(Dataset items)
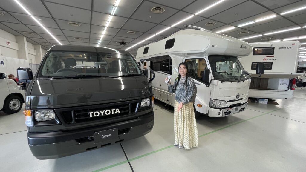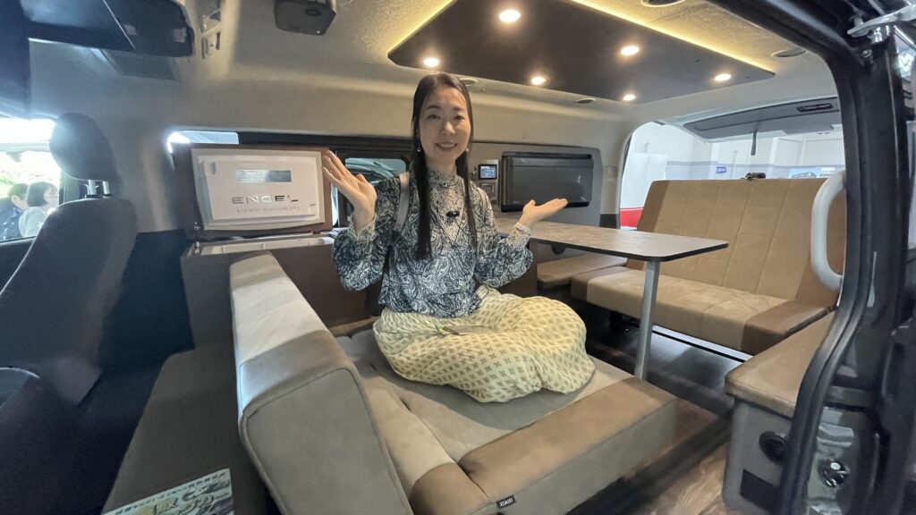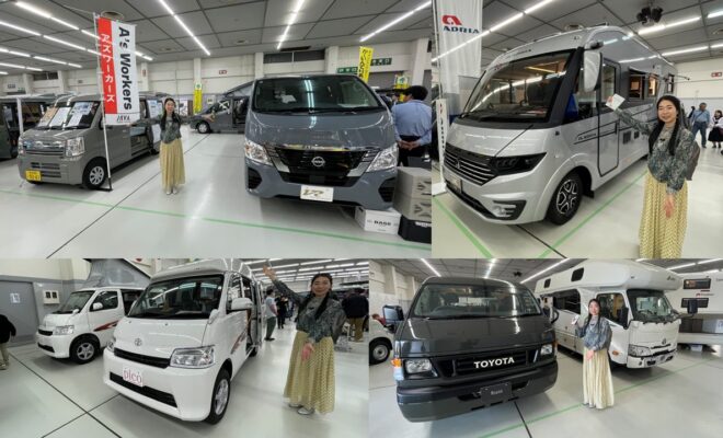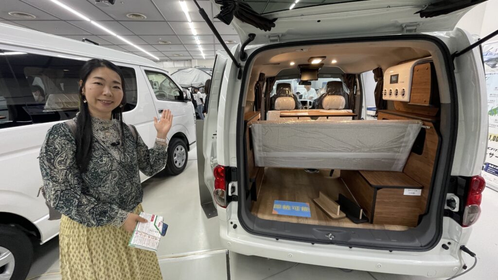 会場の中に入ってくると、たくさんのキャンピングカーが展示されていました。
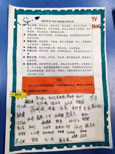 活动过程中,护理系学工支部各班召开了“文明修身”主题班会,在班会中,各班辅导员老师对文明行为进行主题宣讲。全体学生充分学习了在校期间的各项管理制度,以班级为单位制定、签署了《班级文明公约》。此外,各班还设立了“班级文明督察员”,对本班学生在校园、宿舍、教室等区域的不文明行为进行督查。
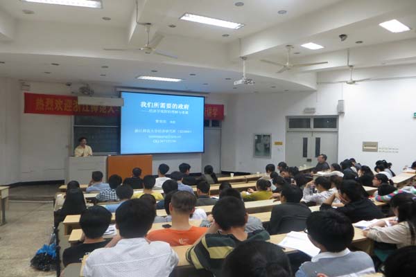 曹荣庆教授从经济学视野,介绍政府和市场的顶层分工,分析个人、市场、政府三者的角色行为关系,比较中西方政府社会职能上的差异性,阐述了市场对资源配置的基础性作用,政府的社会定位和职能体系,社会契约,纳税人监督机制等,紧密联系实际,内容详实,材料生动,观点新颖,同学们很受启发,得益匪浅。两个多小时的讲座,精彩纷呈,赢得了同学们的热烈掌声。
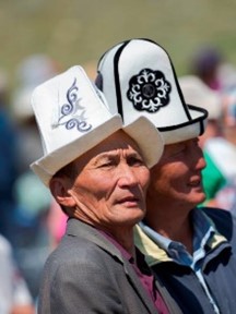 The traditional headwear for many men in Kyrgyzstan is a pointed, felt hat called a Kalpak.
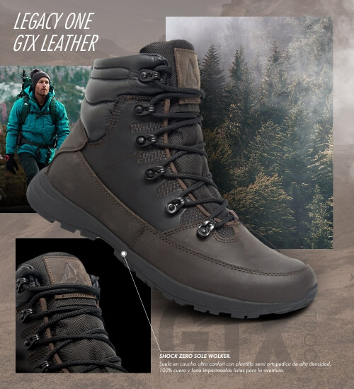 Botas Outdoor Legacy Cafe Caña media, Fabricadas en Cuero, Lona impermeable huracán, Suela en caucho shock zero, Capellada en Cuero legitimo de alta densidad, cordoneras en Tpu, Plantilla se mi ortopédica, Peso: 820 Gramos el par aproximadamente según la talla.
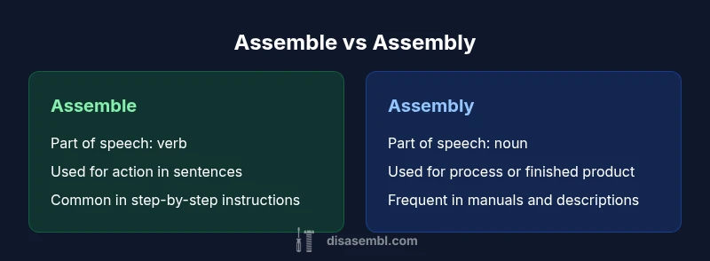 The difference between assemble and assembly is that assemble is a verb describing the act of putting parts together, while assembly is a noun referring to the act or the finished product. In practice, use assemble for actions and assembly for the product or process. This distinction aids clarity in manuals, DIY guides, and technical writing.
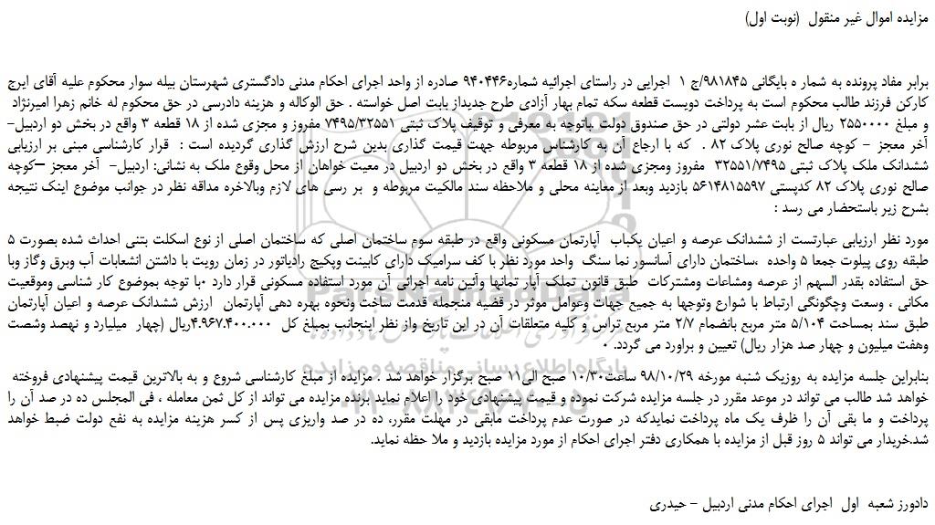 برابر مفاد پرونده به شمار ه بایگانی 981845/ج 1 اجرایی در راستای اجرائیه شماره940446 صادره از واحد اجرای احکام مدنی دادگستری شهرستان بیله سوار محکوم علیه آقای ایرج کارکن فرزند طالب محکوم است به پرداخت دویست قطعه سکه تمام بهار آزادی طرح جدیداز بابت اصل خواسته . حق الوکاله و هزینه دادرسی در حق محکوم له خانم زهرا امیرنژاد و مبلغ 2550000 ریال از بابت عشر دولتی در حق صندوق دولت .باتوجه به معرفی و توقیف پلاک ثبتی 7495/32551 مفروز و مجزی شده از 18 قطعه 3 واقع در بخش دو اردبیل- آخر معجز - کوچه صالح نوری پلاک 82 . که با ارجاع آن به کارشناس مربوطه جهت قیمت گذاری بدین شرح ارزش گذاری گردیده است : قرار کارشناسی مبنی بر ارزیابی ششدانک ملک پلاک ثبتی 32551/7495 مفروز ومجزی شده از 18 قطعه 3 واقع در بخش دو اردبیل در معیت خواهان از محل وقوع ملک به نشانی: اردبیل- آخر معجز –کوچه صالح نوری پلاک 82 کدپستی 5614815597 بازدید وبعد از معاینه محلی و ملاحظه سند مالکیت مربوطه و بر رسی های لازم وبالاخره مداقه نظر در جوانب موضوع اینک نتیجه بشرح زیر باستحضار می رسد :

» **Task item**
Using the entries above, repeat exactly the lines from the one with "曹荣庆教授从经济学视野,介绍" to the one with "The traditional headwear", both included, and leave the pictures behind.

» **Solution to this task**
 曹荣庆教授从经济学视野,介绍政府和市场的顶层分工,分析个人、市场、政府三者的角色行为关系,比较中西方政府社会职能上的差异性,阐述了市场对资源配置的基础性作用,政府的社会定位和职能体系,社会契约,纳税人监督机制等,紧密联系实际,内容详实,材料生动,观点新颖,同学们很受启发,得益匪浅。两个多小时的讲座,精彩纷呈,赢得了同学们的热烈掌声。
 The traditional headwear for many men in Kyrgyzstan is a pointed, felt hat called a Kalpak.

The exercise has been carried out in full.